Léa: Yes I am, the majority of people think that gynaecological cancers only happens to women who are post-menopause but it doesn't. Gynaecological cancers can happen to women who are pre-menopausal and there should be a gynaecological check up every year. I don't understand why in the UK we can't have a gynaecological check up every year. It's something I'm so angry with. So many people do not know that their vulva is not their vagina so they will go to the doctor and say my vagina is hurting when they mean their vulva. So then the doctor is not going to check the vulva. You don't say my eye is hurting when you mean your nose... and people are being misdiagnosed like that. Not knowing your anatomy is dangerous."
Serena: So you say you don't understand "why in the UK". Do you think this is a cultural thing?
Léa: Yes you're probably right there is probably a cultural aspect to it. In France we have a gynaecology check up once per year.
Serena: So when did this all start for you?
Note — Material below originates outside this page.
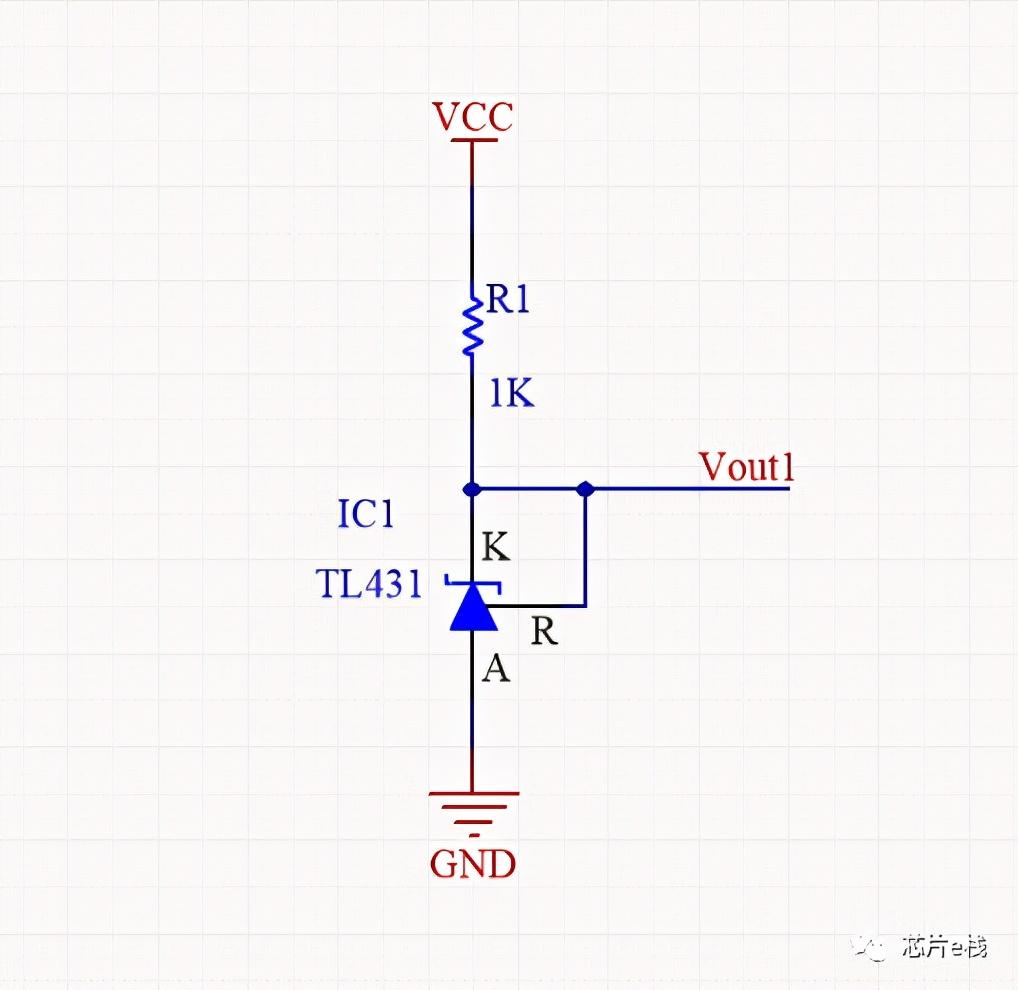 TL431因为其钳位特性,即输入电压范围在2.5V-36V内,都总能输出恒定的Vref幅值的基准信号(2.5V-36V可调输出),故常用于作为ADC的基准源,以及DCDC芯片的基准源,它的其中一个常用电路如图:

Léa: For me I was in Germany at the time. I was having pain in my lower belly but I could never really explain where the pain was. I was experiencing pain during intercourse and I was bleeding in-between my periods. I went to a doctor in Luxembourg to get checked who said that I was young and healthy and 'everything is nice and pink in there' (I guess she was talking about my cervix). But the pain continued and the bleeding between my periods continued. I was bloated but I thought it was because I wasn't eating well enough, or maybe I was eating too much gluten and because I was dancing intensely for 2 years I thought it was all linked. And then I came back to the UK and I go to the doctor, who sends me for an ultrasound.
Serena: What are the results of the ultrasound?
Léa: I get the results back and there is a 4.7cm mass on my left ovary.
There is a very long process for Léa to get her results. Her ultrasound appointment had to be pushed to another date and the results took a month to come back. A same day blood test result took 2 days to arrive which was already a long wait as it was booked for 6 months after her ultrasound appointment. It's because of this that Léa flew back to Luxembourg to get the opinion of 2 doctors and an MRI. Should this tumour be malignant it could put Léa at Stage 3. The CA-125 blood tests came back clear (it would later turn out that the blood tests did not correlate to the type of tumour that Léa had) but regardless, Léa needed to have the tumour removed as it couldn't stay in the body, so she was scheduled herself for surgery 3 months later where they would remove the tumour. Léa's mother worked at the hospital where Léa was being treated in Luxembourg, so with a sense of trust and serenity in this fact, and with the UK health system taking so long between appointments and delivering test results, she decided to continue with treatment in Luxembourg.
Léa: The doctor said that they would only need to take the tumour but when I came around, I asked if they got it and he said they had to take the ovary because the tumour was stuck to the organ.
Serena: How was that for you?
Léa: The first thing for me was the mutilation I experienced. I didn't know yet it was cancer but having an organ taken (like your uterus or an ovary)... I never knew that those organs were so emotionally charged. I never felt violated because I trusted him so much, I trusted my doctor, I took my body and I gave it to him for this operation, but I felt mutilated, I felt my femininity had been mutilated. I had huge scars and I had lost so much weight.
Léa's cancer was so rare and specific her tumour had to be sent to Paris. The results are given to her but not by her doctor. She sits in front of a stranger who delivers to Léa and her mother, the news that the tumour is malignant.